§ **Task item**
An exact copy of the data is needed, one that excludes all pictures.

Stored data
━━━━━━━━━━

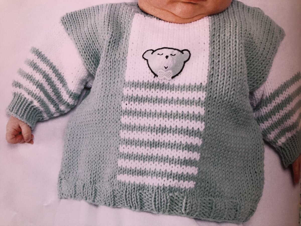 Свитер спицами на новорожденного вяжется просто, основываясь на лицевых и изнаночных петлях. Данная схема подходит на рост 50 — 56 см. Возраст: 1 — 4 месяца. Потребуется: Мятно-белый цвет подойдет как девочке, так и мальчику. Узоры и виды петель Лицевая гладь. 1й ряд все петли лицевыми, 2й ряд — все петли изнаночными. Повторить эти два ряда. Резинка 1 х 1 (* 1 лицевая петля, 1 изнаночная петля. * — повторять от * до *), резинка 3 х 2 (*3 лицевых петли, 3 изнаночные, повторять от * до *). Последовательность чередования полос: 2 ряда нитью цвета мяты, 2 ряда нитью белого цвета. Плотность вязания 10 х 10 см = 18 петель х 27 ряда лицевой гладью. Нужно связать образец на спицах № 3,5. Набрать 18 петель и провязать лицевой гладью 27 ряда. С изнаночной стороны вязать изнаночными петлями. Сверить, получился ли у вас размер образца 10 х 10 см. Если погрешность составляет до 0,5 см, можно оставить так. Если больше — следует рассчитать свою плотность вязания и корректировать данное описание
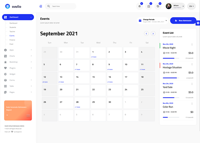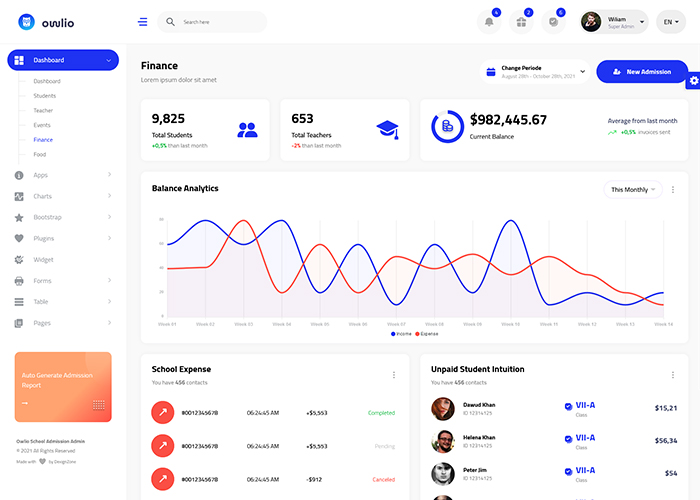 Owlio - PHP School Admission Admin Dashboard Bootstrap Template
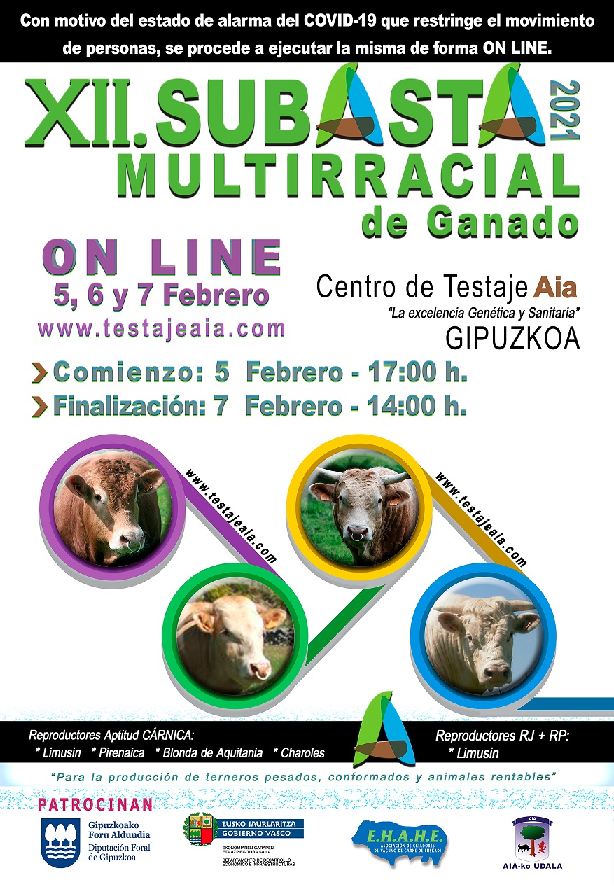 XII Subasta de AIA y la segunda ONLINE de sementales de las razas Limusin, Pirenaica y Charoles procedentes del Centro de Testaje de AIA (Gipuzkoa) los días 5, 6 y 7 de Febrero.
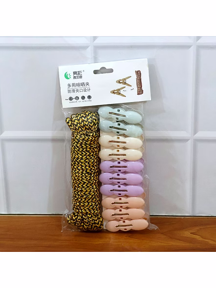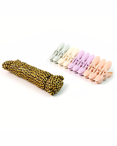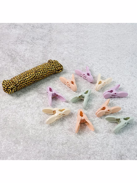 Clothes Drying Rope with Multipurpose Cloth Clips (1 Set)
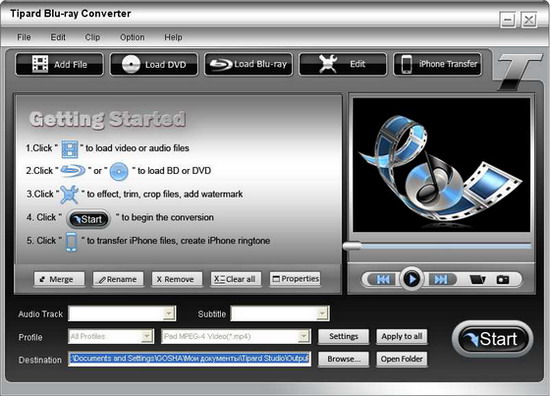 Tipard Blu-ray Converter - конвертер-граббер видео BD DVD (Blu-Ray) в другие популярные видео форматы, поддержка MPG, MPEG, MPEG2, SWF, FLV, VOB, MOD, MP4, H.264, M4V, AVI, WMV, 3GP, 3GPP, MOV , DivX, XviD, Quciktime видео, DV, MJPG, MJPEG, MPV и т.д. Программа также поддерживает High Definition видео файлы, такие как TS, M2TS, TP, HD MPEG 2, HD MEG4, WMV HD, HD MOV, H.264 HD, HD RM и т.д.Кроме того Tipard Blu-ray Converter может конвертировать и извлекать любые аудио файлы без потери качества.

━━━━━━━━━━

§ **Answer for this exercise**
 Свитер спицами на новорожденного вяжется просто, основываясь на лицевых и изнаночных петлях. Данная схема подходит на рост 50 — 56 см. Возраст: 1 — 4 месяца. Потребуется: Мятно-белый цвет подойдет как девочке, так и мальчику. Узоры и виды петель Лицевая гладь. 1й ряд все петли лицевыми, 2й ряд — все петли изнаночными. Повторить эти два ряда. Резинка 1 х 1 (* 1 лицевая петля, 1 изнаночная петля. * — повторять от * до *), резинка 3 х 2 (*3 лицевых петли, 3 изнаночные, повторять от * до *). Последовательность чередования полос: 2 ряда нитью цвета мяты, 2 ряда нитью белого цвета. Плотность вязания 10 х 10 см = 18 петель х 27 ряда лицевой гладью. Нужно связать образец на спицах № 3,5. Набрать 18 петель и провязать лицевой гладью 27 ряда. С изнаночной стороны вязать изнаночными петлями. Сверить, получился ли у вас размер образца 10 х 10 см. Если погрешность составляет до 0,5 см, можно оставить так. Если больше — следует рассчитать свою плотность вязания и корректировать данное описание
 Owlio - PHP School Admission Admin Dashboard Bootstrap Template
 XII Subasta de AIA y la segunda ONLINE de sementales de las razas Limusin, Pirenaica y Charoles procedentes del Centro de Testaje de AIA (Gipuzkoa) los días 5, 6 y 7 de Febrero.
 Clothes Drying Rope with Multipurpose Cloth Clips (1 Set)
 Tipard Blu-ray Converter - конвертер-граббер видео BD DVD (Blu-Ray) в другие популярные видео форматы, поддержка MPG, MPEG, MPEG2, SWF, FLV, VOB, MOD, MP4, H.264, M4V, AVI, WMV, 3GP, 3GPP, MOV , DivX, XviD, Quciktime видео, DV, MJPG, MJPEG, MPV и т.д. Программа также поддерживает High Definition видео файлы, такие как TS, M2TS, TP, HD MPEG 2, HD MEG4, WMV HD, HD MOV, H.264 HD, HD RM и т.д.Кроме того Tipard Blu-ray Converter может конвертировать и извлекать любые аудио файлы без потери качества.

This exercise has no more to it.